- _Work to be completed_
The records must be duplicated exactly, with every picture left out.

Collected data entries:

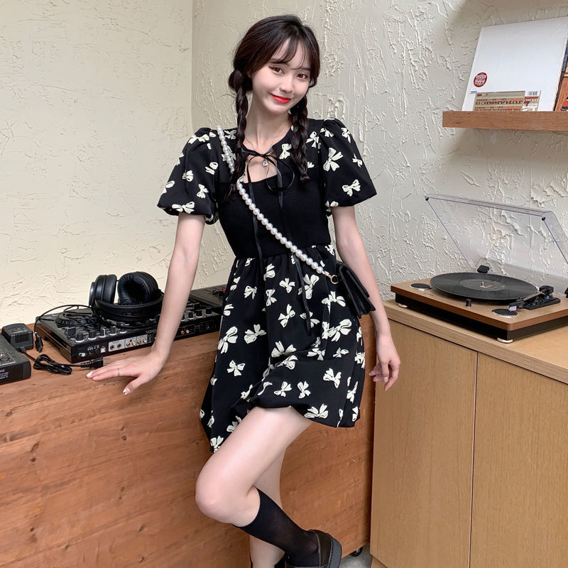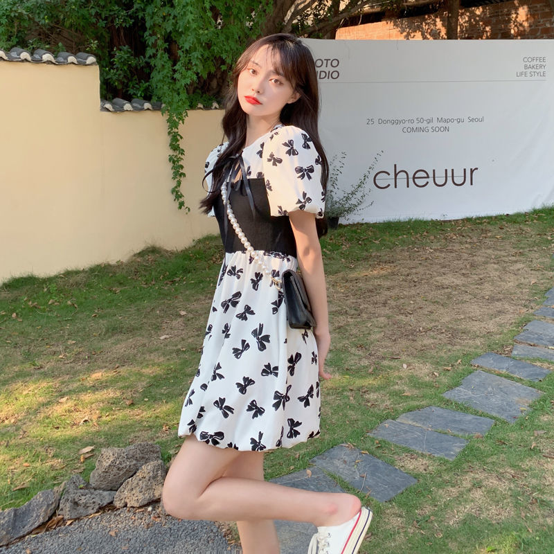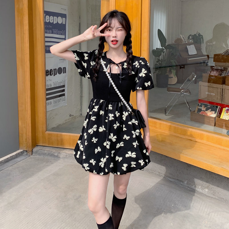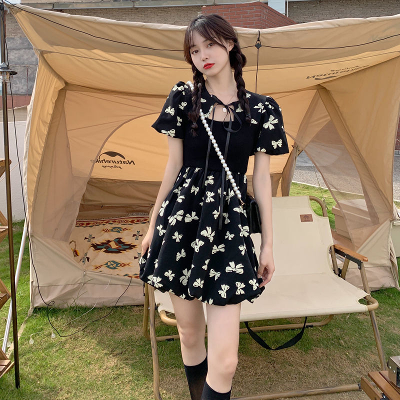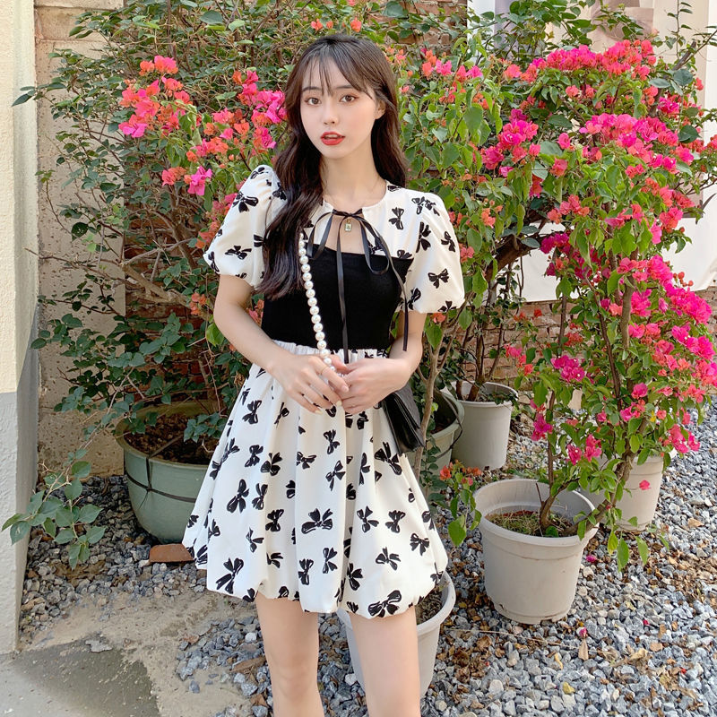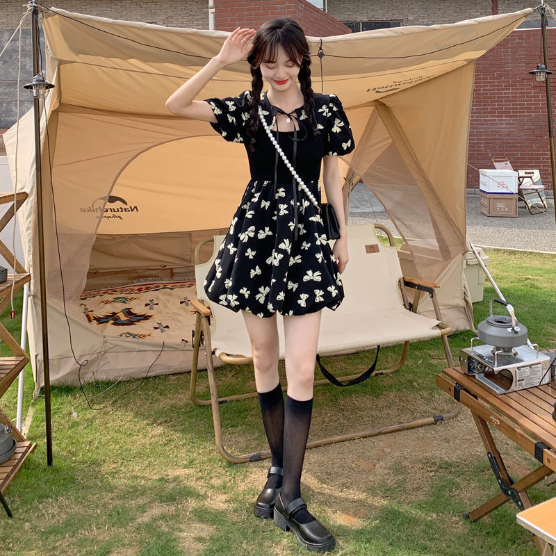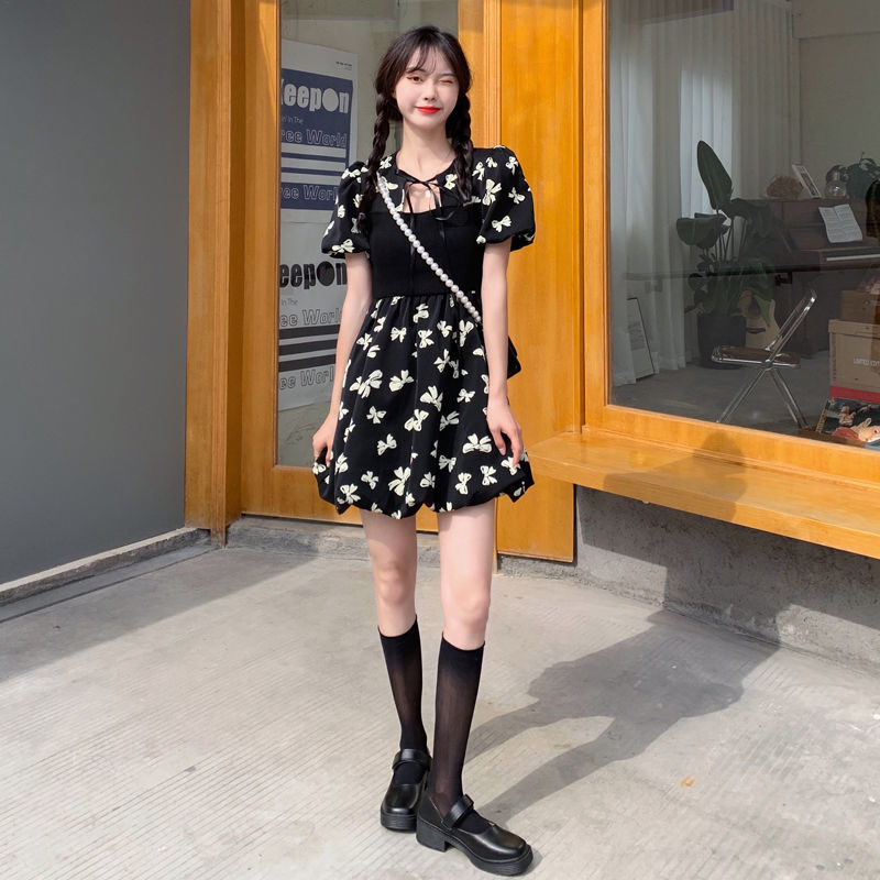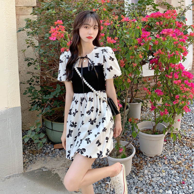 黛唯梵法式初恋甜美连衣裙女夏小清新蝴蝶结辣妹裙系带高腰显瘦蓬蓬裙子国庆清明出游
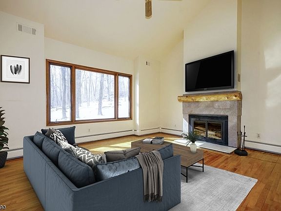 Access to the highly desirable Mountain Lakes High School District, this home is set in a wooded country setting with beautiful views from this secluded contemporary tongue and groove cedar sided, 3 bedroom, 2 1/2 bath home on over 2.5 acres in Boonton Twp. Great walking trails, hardwood floors, updated kitchen and plenty of storage. Attached two-three car garage, storage/work room on lower level. First floor laundry and bonus room that can be used as an office or playroom. Country living with all the city amenities!
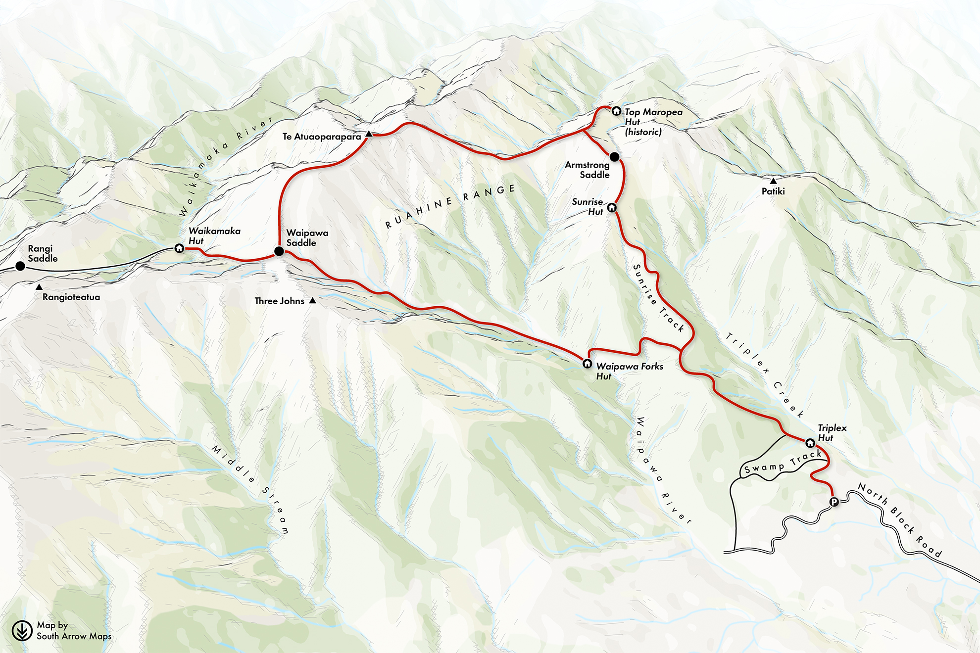 In July 1935 Hamish Armstrong crashed his de Havilland Gypsy Moth into the saddle in some particularly bad weather. The wreckage was found after two weeks; the only sign of Armstrong was a shirt branded Triple-X. (A hut near the trailhead now carries this name).
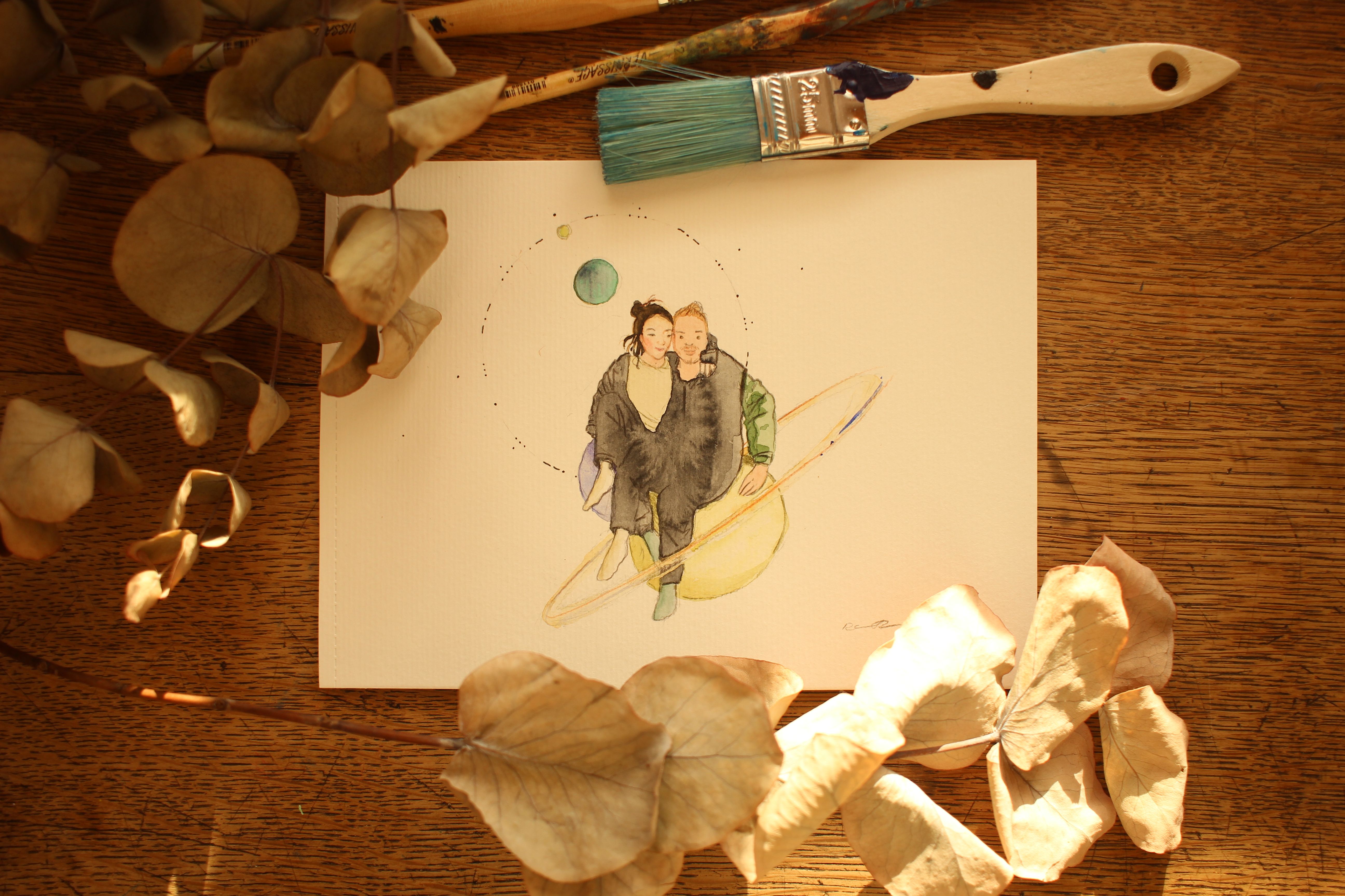 Ablauf: Als erstes unterhalten wir uns, wie du dir das Porträt vorstellt (Größe, wie viel Personen, Technik, digital oder analog, mit oder ohne Hintergrund). Dann brauche ich Foto(s) der zu porträtierenden Personen. Daraufhin fertige ich eine Vorskizze, die, falls ihr zufrieden seid, weiterausgearbeitet wird bis zum fertigen Bild.
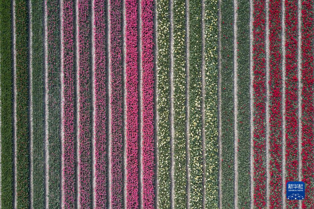 这是4月14日在荷兰弗莱福兰省拍摄的郁金香花田(无人机照片)。
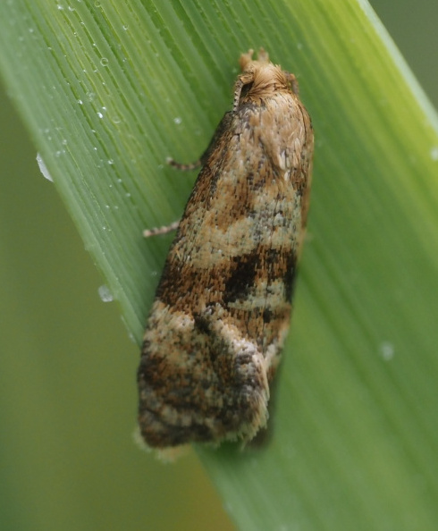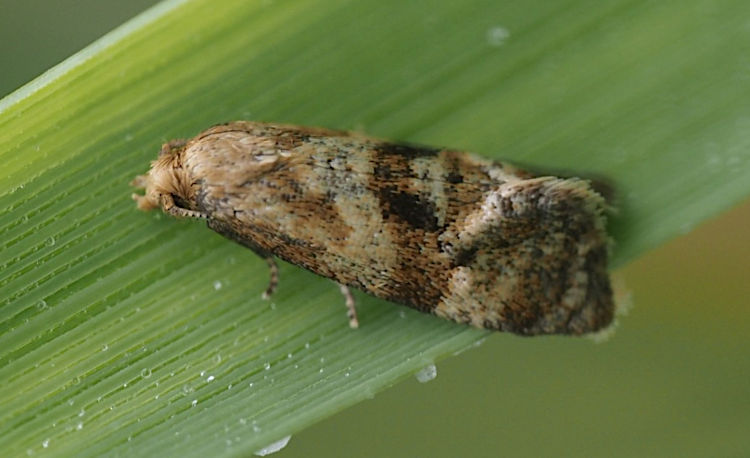 Local on waste ground, in woodland edges and hedgerows throughout much of England and Wales. In Hampshire infrequently recorded and nowhere common, but has been recorded several times from Southsea; first recorded from the Isle of Wight in 2015. Wingspan 14-17 mm. Distinguished from A. francillana by the broader and less oblique median and postmedian fasciae of the forewing [Bradley]. Larva feeds within stems of Hemlock.
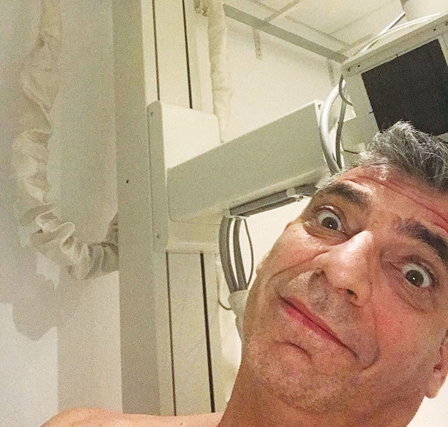 Την περιπέτειά του γνωστοποίησε ο ίδιος μέσω Ιnstagram, κοινοποιώντας μία φωτογραφία του λίγο προτού κάνει ακτινογραφία. «Εντάξει, θα γίνει η Ανάσταση, αλλά, καλού κακού, κάνουμε και μια ακτινογραφία… Ολα καλά. Ιωση είναι, θα περάσει» σημείωσε με χιούμορ.
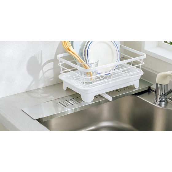 天板とフラットになるから使いやすい。シンクにぴったり設置できる伸縮式。ステンレスパンチング仕様で水切れ◎。
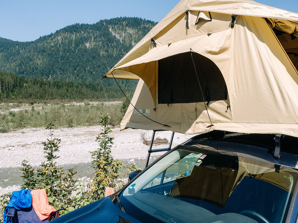 Le tende da tetto di OutdoorU convincono per la loro particolare semplicità e rapidità di montaggio, che può essere effettuato anche da soli. Ciò è dovuto in parte ai pali in alluminio, leggeri ma robusti.
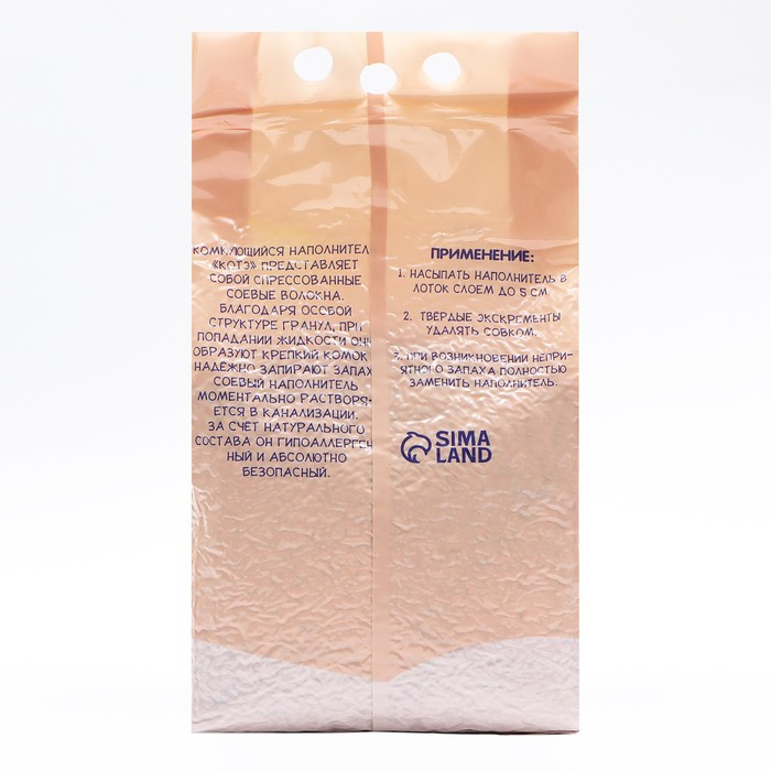 Состав: Кукурузный крахмал, кукурузные волокна, древесные волокна, волокна соевых бобов, масса волокон из соевой муки, натуральные отдушки.
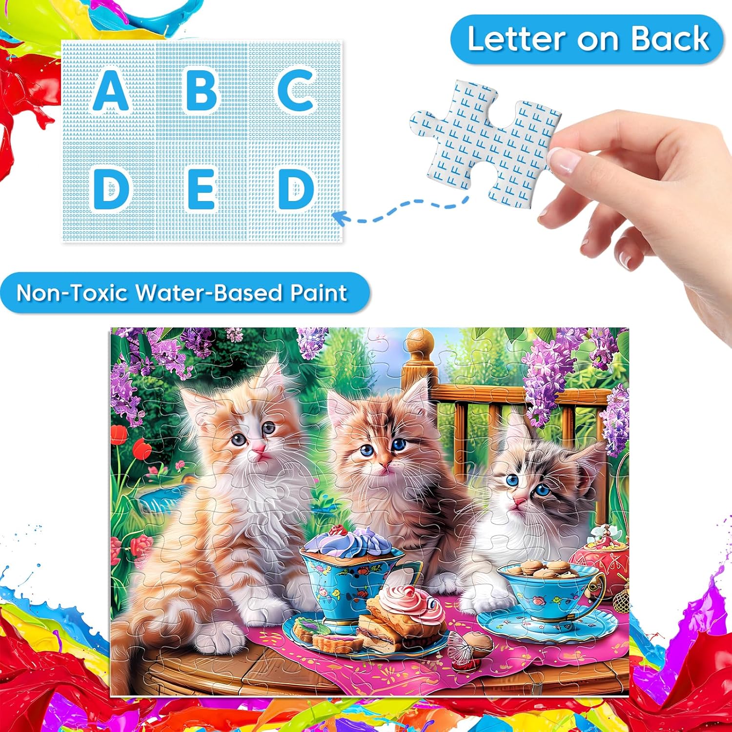 - 🧩Letters mark on the back & Missing Piece Support: The back of the 100 piece jigsaw puzzle is divided into sections marked with letters like "A" to "F," making it easier for kids to complete the challenging puzzle. If you find any missing piece, please let us know and we will provide a solution as soon as possible

- _Task solution_
 黛唯梵法式初恋甜美连衣裙女夏小清新蝴蝶结辣妹裙系带高腰显瘦蓬蓬裙子国庆清明出游
 Access to the highly desirable Mountain Lakes High School District, this home is set in a wooded country setting with beautiful views from this secluded contemporary tongue and groove cedar sided, 3 bedroom, 2 1/2 bath home on over 2.5 acres in Boonton Twp. Great walking trails, hardwood floors, updated kitchen and plenty of storage. Attached two-three car garage, storage/work room on lower level. First floor laundry and bonus room that can be used as an office or playroom. Country living with all the city amenities!
 In July 1935 Hamish Armstrong crashed his de Havilland Gypsy Moth into the saddle in some particularly bad weather. The wreckage was found after two weeks; the only sign of Armstrong was a shirt branded Triple-X. (A hut near the trailhead now carries this name).
 Ablauf: Als erstes unterhalten wir uns, wie du dir das Porträt vorstellt (Größe, wie viel Personen, Technik, digital oder analog, mit oder ohne Hintergrund). Dann brauche ich Foto(s) der zu porträtierenden Personen. Daraufhin fertige ich eine Vorskizze, die, falls ihr zufrieden seid, weiterausgearbeitet wird bis zum fertigen Bild.
 这是4月14日在荷兰弗莱福兰省拍摄的郁金香花田(无人机照片)。
 Local on waste ground, in woodland edges and hedgerows throughout much of England and Wales. In Hampshire infrequently recorded and nowhere common, but has been recorded several times from Southsea; first recorded from the Isle of Wight in 2015. Wingspan 14-17 mm. Distinguished from A. francillana by the broader and less oblique median and postmedian fasciae of the forewing [Bradley]. Larva feeds within stems of Hemlock.
 Την περιπέτειά του γνωστοποίησε ο ίδιος μέσω Ιnstagram, κοινοποιώντας μία φωτογραφία του λίγο προτού κάνει ακτινογραφία. «Εντάξει, θα γίνει η Ανάσταση, αλλά, καλού κακού, κάνουμε και μια ακτινογραφία… Ολα καλά. Ιωση είναι, θα περάσει» σημείωσε με χιούμορ.
 天板とフラットになるから使いやすい。シンクにぴったり設置できる伸縮式。ステンレスパンチング仕様で水切れ◎。
 Le tende da tetto di OutdoorU convincono per la loro particolare semplicità e rapidità di montaggio, che può essere effettuato anche da soli. Ciò è dovuto in parte ai pali in alluminio, leggeri ma robusti.
 Состав: Кукурузный крахмал, кукурузные волокна, древесные волокна, волокна соевых бобов, масса волокон из соевой муки, натуральные отдушки.
 - 🧩Letters mark on the back & Missing Piece Support: The back of the 100 piece jigsaw puzzle is divided into sections marked with letters like "A" to "F," making it easier for kids to complete the challenging puzzle. If you find any missing piece, please let us know and we will provide a solution as soon as possible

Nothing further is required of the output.